_Problem requirements_
Would you transcribe the entries below, beginning at the line with "无论是否处于炽热激情状态,瓦" and ending after the line with "Bari Lynn Patent", exactly, with no picture and nothing more?

_Available data_
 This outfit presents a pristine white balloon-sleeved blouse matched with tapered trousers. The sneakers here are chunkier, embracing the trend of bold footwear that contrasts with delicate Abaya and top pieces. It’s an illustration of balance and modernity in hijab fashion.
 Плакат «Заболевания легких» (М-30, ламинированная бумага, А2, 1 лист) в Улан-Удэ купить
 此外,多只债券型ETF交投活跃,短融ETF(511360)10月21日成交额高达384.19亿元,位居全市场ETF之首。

...

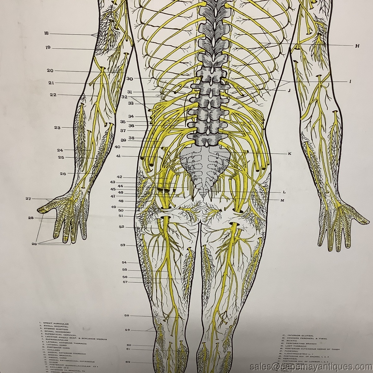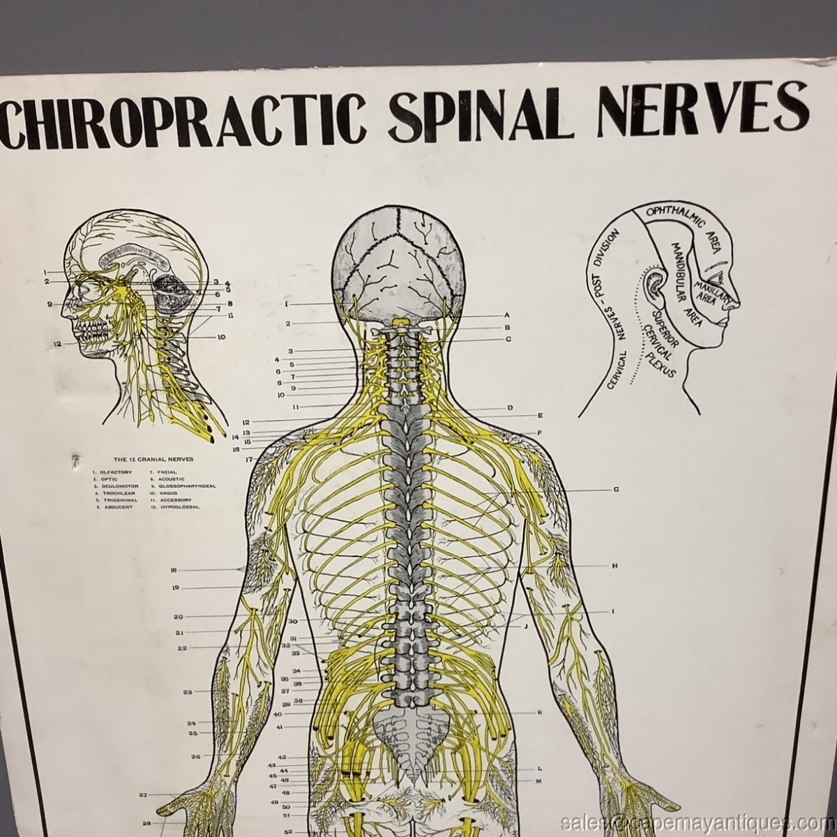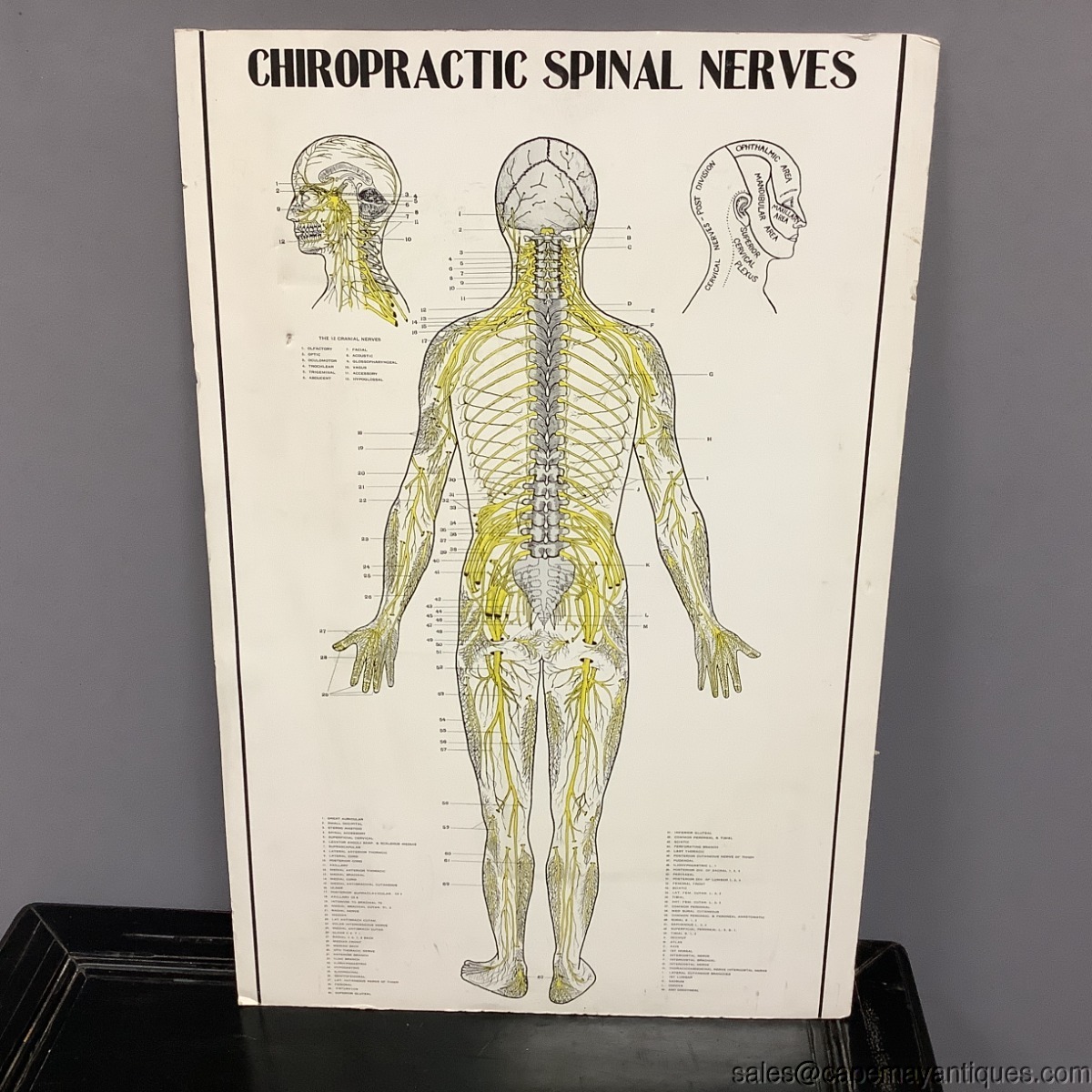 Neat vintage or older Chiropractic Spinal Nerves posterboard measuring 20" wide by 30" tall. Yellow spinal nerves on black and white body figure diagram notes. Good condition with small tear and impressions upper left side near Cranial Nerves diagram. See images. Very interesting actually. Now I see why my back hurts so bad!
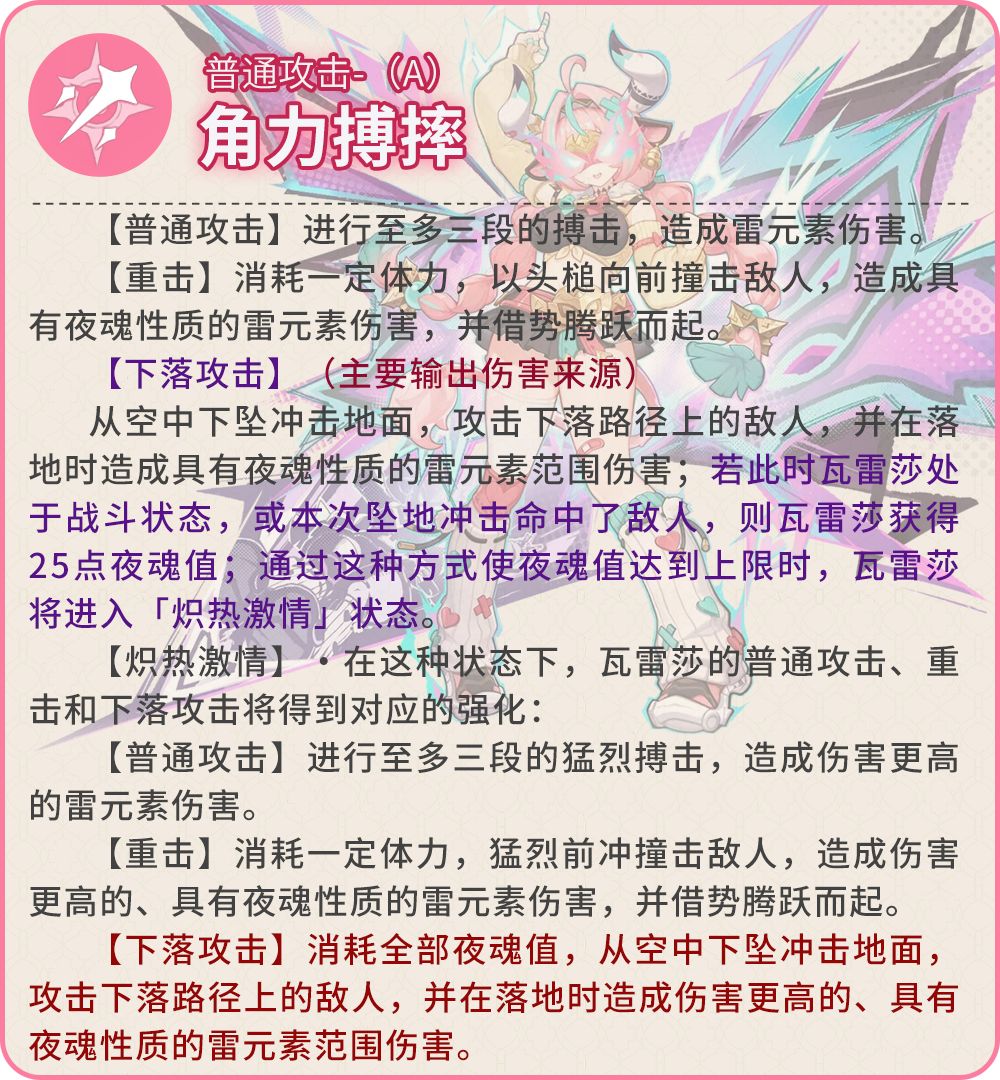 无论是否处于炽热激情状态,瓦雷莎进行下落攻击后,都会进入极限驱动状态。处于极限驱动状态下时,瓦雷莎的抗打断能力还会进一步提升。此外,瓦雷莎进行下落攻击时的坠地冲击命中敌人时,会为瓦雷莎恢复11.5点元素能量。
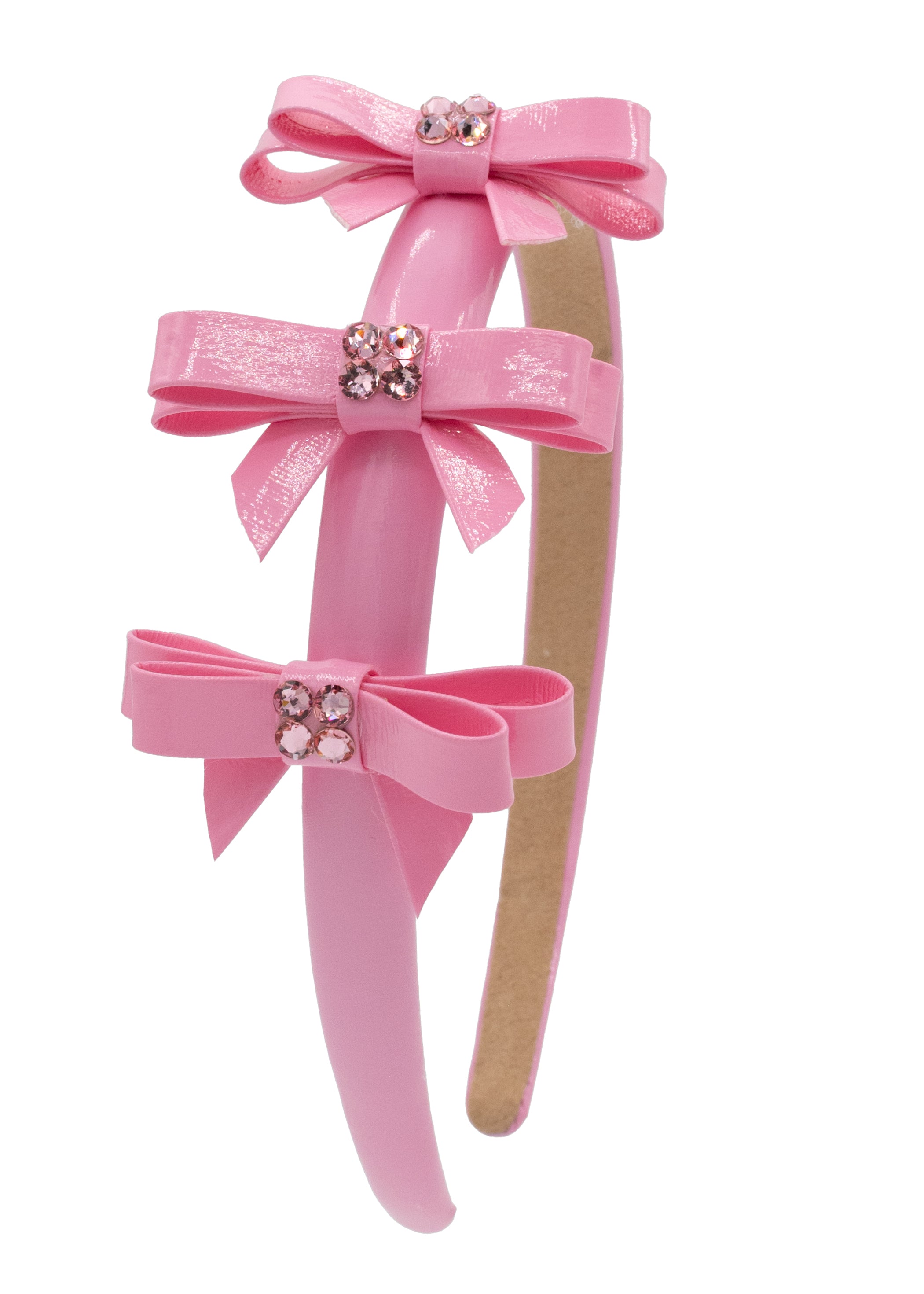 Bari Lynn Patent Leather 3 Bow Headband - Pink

_Answer to the exercise_
 无论是否处于炽热激情状态,瓦雷莎进行下落攻击后,都会进入极限驱动状态。处于极限驱动状态下时,瓦雷莎的抗打断能力还会进一步提升。此外,瓦雷莎进行下落攻击时的坠地冲击命中敌人时,会为瓦雷莎恢复11.5点元素能量。
 Bari Lynn Patent Leather 3 Bow Headband - Pink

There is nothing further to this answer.